More about technology. SaaS and SDK are based on the same algorithm. The SDK is written in C ++. It’s clear why: it works quickly and reliably. What other languages, technologies do you use?
For training, we use standard libraries - Caffe, Theano, Torch7. We write in Python, C ++ and the Cuda platform. Using Cuda on the GPU, learning is much faster. We mainly need Python for experimentation, so that we can write something, try it. The cloud is also written on it, because it is more convenient.
What are your requirements for programmers at R&D?
What matters here is not languages and technologies, but knowledge of algorithms, in general, requirements for mathematical training. Of course, we need some knowledge in the field of machine learning and C-like languages.
If we talk about the product team, then, of course, C ++ is needed there.

Photo: Alexander Utkin
Question about the database. Where is all this stored?

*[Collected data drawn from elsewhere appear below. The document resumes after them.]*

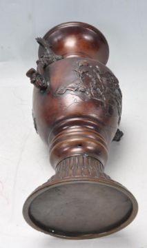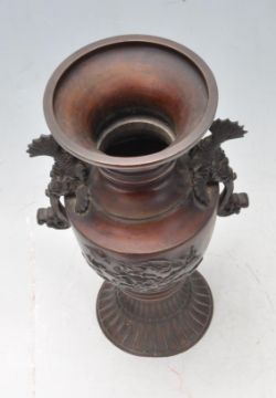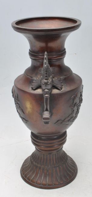 An antique Meiji period Japanese oriental bronze vase. The vase of a baluster form with waisted neck, twin fish handles to the side and raised floral and birds motifs to the centre, raised on pedestal base. No makers marks. Measures: 31cm tall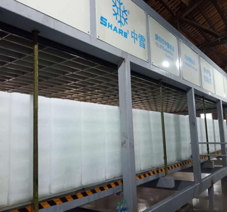 天津化工大型塊冰機項目項目介紹:天津化工大型冰磚機項目項目產品:冰磚機(100噸/天,冰塊規格100公斤/塊)天津化工產業發達,緊靠渤海灣,化工降溫和水產保鮮都需要大量的冰庫
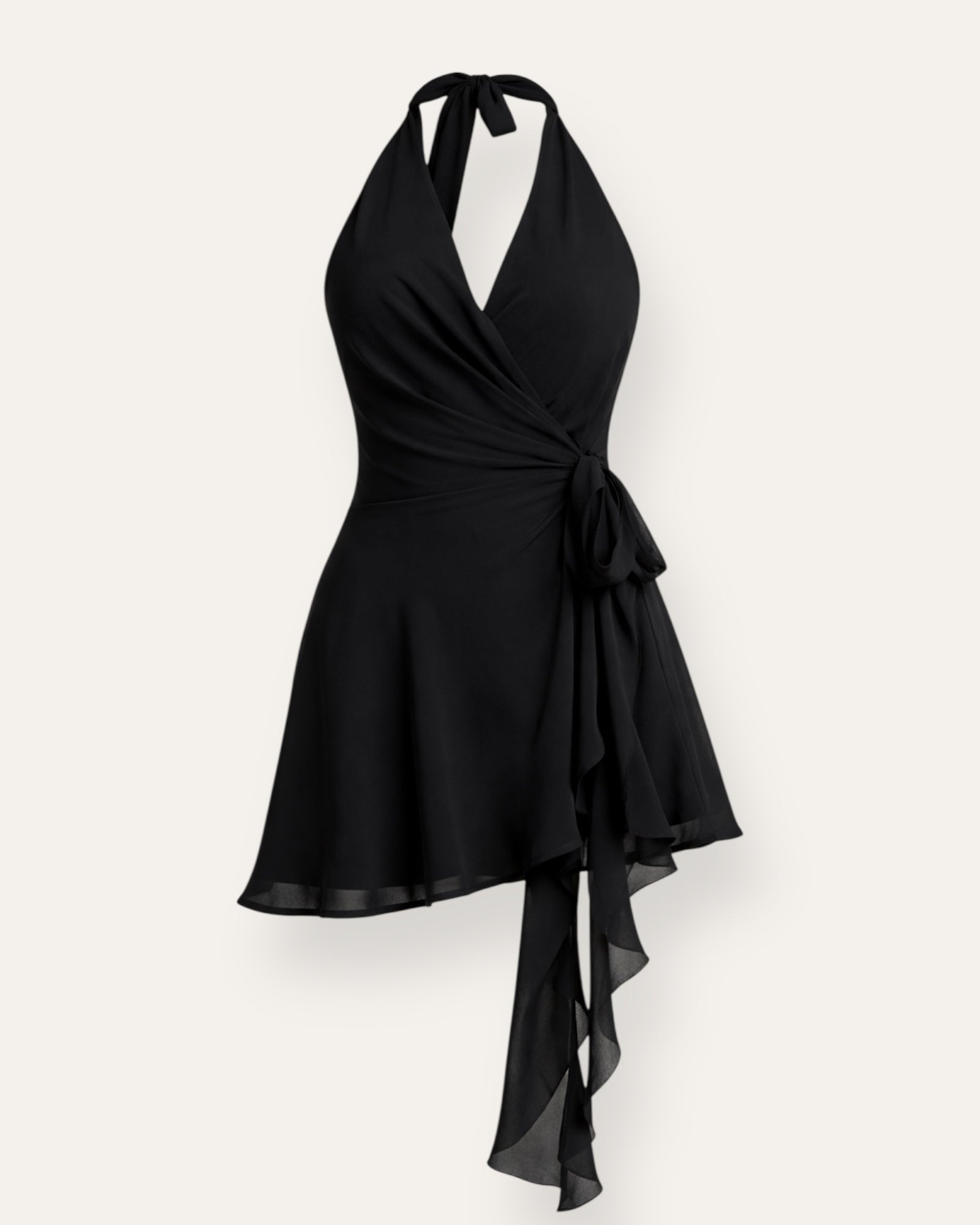 Svartur halter wrap kjóll Glæsilegur og kvenlegur halter kjóll með fallegu v-hálsmáli og opnu baki. Wrap snið með bundinni slaufu í mitti sem mótar fallega línu og létt, flæðandi pils með ... Sjá nánar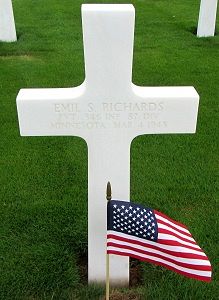 Pvt Emil S. Richards was a skilled welder and flame cutter before he enlisted at Fort Snelling Minnesota on 15 July 1944.Source of information: Peter Schouteten, www.abmc.gov, www.wwiimemorial.com – Mrs Beulah L. Richards, www.archives.gov – WWII Enlistment Record, www.ancestry.com - Headstone and Interment Record / U.S. WWII Draft Cards Young Men / 1930 Census, http://87thinfantrydivision.com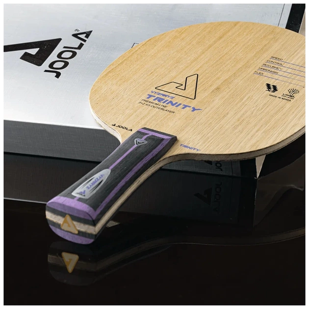 Якщо ви шукаєте революційну деревину, яка поєднує в собі потужність, силу, відчуття та точність, ви не пошкодуєте, вибравши JOOLA Vyzaryz Trinity. Цю деревину вибрав австрійський тенісист Даніель Хабесон (Daniel Habesohn), чемпіон Європи та олімпієць. Секрет цієї деревини полягає в революційній суперкомпозитній тканині X3, що складається з горизонтальних шарів синтетичного матеріалу PBO-C, а також вертикальних шарів арилату і вуглецю (ARY-c). Ці шари поширюються на ручку, створюючи надзвичайну стабільність і консистенцію. Зовнішній шар деревини Limba додає більше дотику та контролю кожного удару.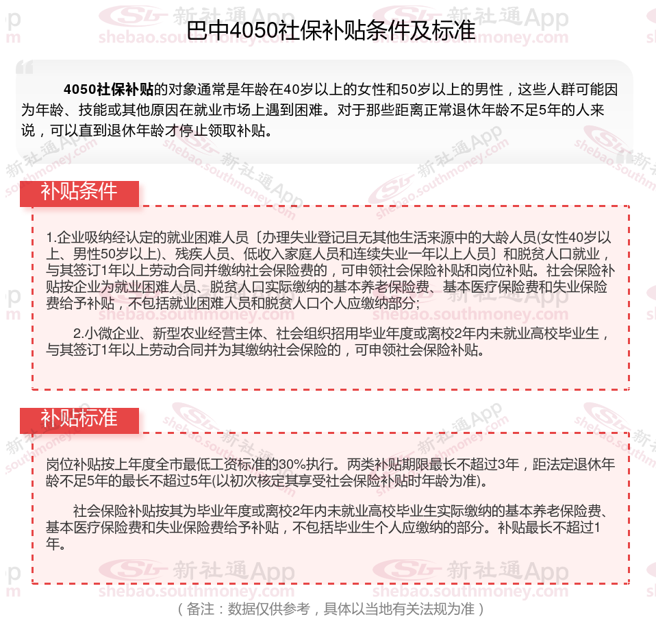 2024巴中4050补贴主要针对的是年龄在40岁以上的女性和50岁以上的男性,这些人群通常因为年龄较大而面临就业困难。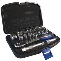 - Speciaal gereedschapstaal, gesmeed, gebruineerd, grepen blauw kunststof overtrokken.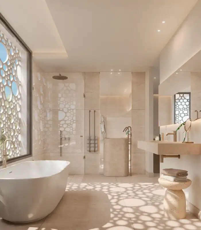 Designed to adapt to a modern lifestyle, this villa will feature five bedrooms, four bathrooms, and two half bathrooms. The spacious open-plan living and dining spaces integrate seamlessly with the outdoor terraces, creating a seamless experience between the interior and exterior.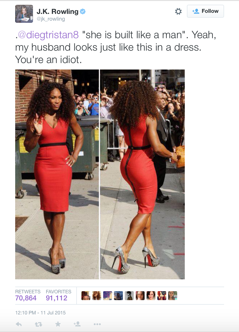 J.K. Rowling has an incredible way with words, especially when she puts her words together to put a hater in their place. Yesterday, Rowling called out one particularly rude Twitter user, @Diegtristan8, for saying Serena Williams' victory was only attributed to her being "built like a man." Flawlessly, Rowling sent him back to the dark corner of the internet where he came from with one simple tweet.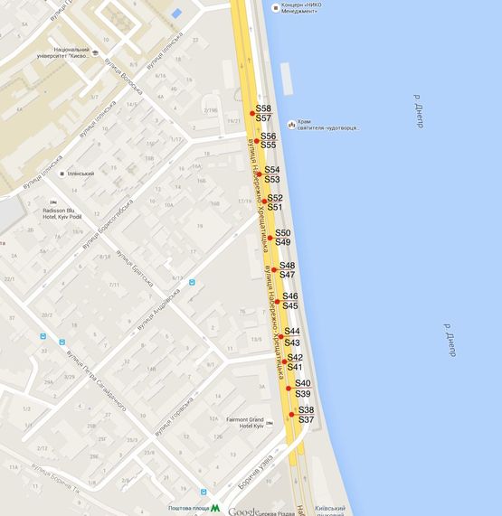 Заказать Ситилайт в г. Киев по адресу Подольский р-н, ул.Набережно-Крещатицкая, разделитель напротив д.13-15-17(в сторону метро Почтовая площадь) можно позвонив менеджерам по телефонам: +38(099) 395-28-27, или через форму онлайн заявки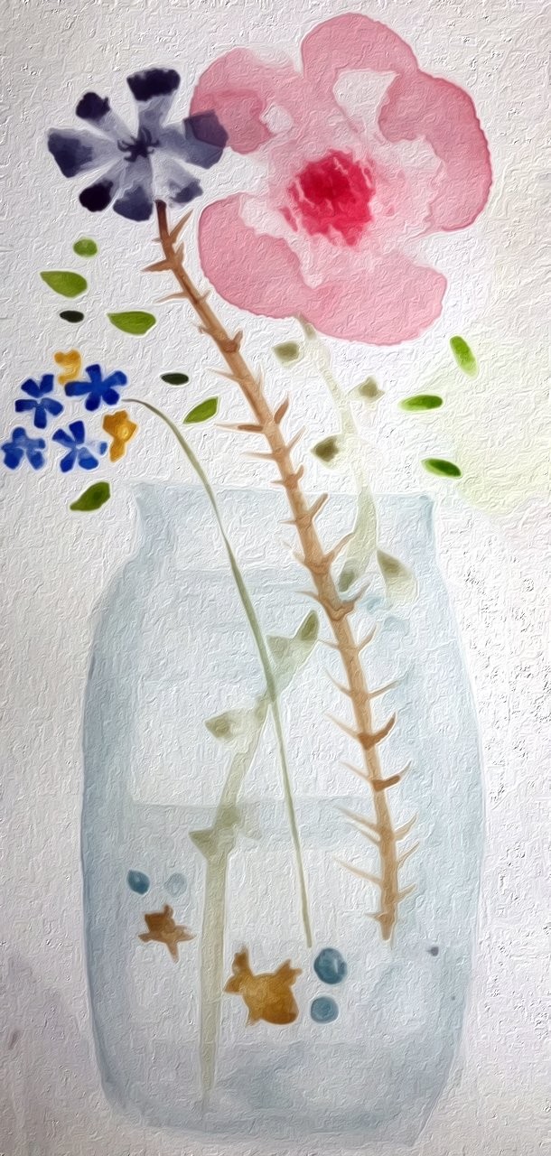 Originally painted in watercolor on watercolor paper and then filtered digitally. Inspired by Sara Berrenson and her book on how to Watercolor Flowers.
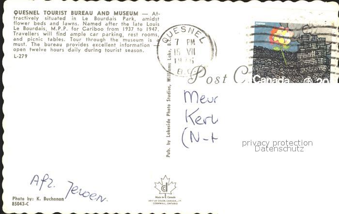 old postcard Quesnel Tourist Bureau Museum postalisch gelaufen Erhaltung siehe scans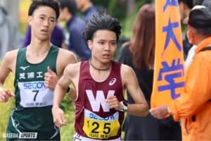 昨年の展開としては、国学院大の佐藤選手と同時にタスキをもらって、向こうはつっこんだのに対してこちらは抑えて守りに入ってしまった部分がありました。それがやはり国学院大が4位まで浮上できて早稲田大学が6位に停滞してしまった決め手になってしまったと思っています。昨年度と比べて、攻めるレース展開も視野に入れた上で、レースプランの引き出しを増やしていきたいと思っています。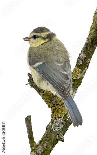 © Eric Isselée, Naklejka premium Young Blue Tit, Cyanistes caeruleus, 45 days old, perched

If we are talking about the search index, this is our development. It allows you to search in large databases in less than a second. This is part of the product.
If we talk about storing information about users, the database does not matter much here. We are using Mongo. But there is nothing related to the search.
Many people began to offer money after you became famous?
A lot, but we still have not taken money from anyone. In the near future we will close the round.
You went to the USA not so long ago. Was this your first trip?
Yes.
Was there a direct interest in you? Who did you talk to? Do I understand correctly that you combined leisure and business there?
We drove in the spring. Recently, my partners traveled to the United States without me. The interest is huge: we talked with both investors and clients. We have good relations with some of them, we work, we sent them an SDK.
Did you manage to communicate with the developers? Someone to invite to work?
Not. But we have all the development now in Russia, and there are many advantages, in particular, economic ones. We will open offices in the Valley, and after some time in Europe.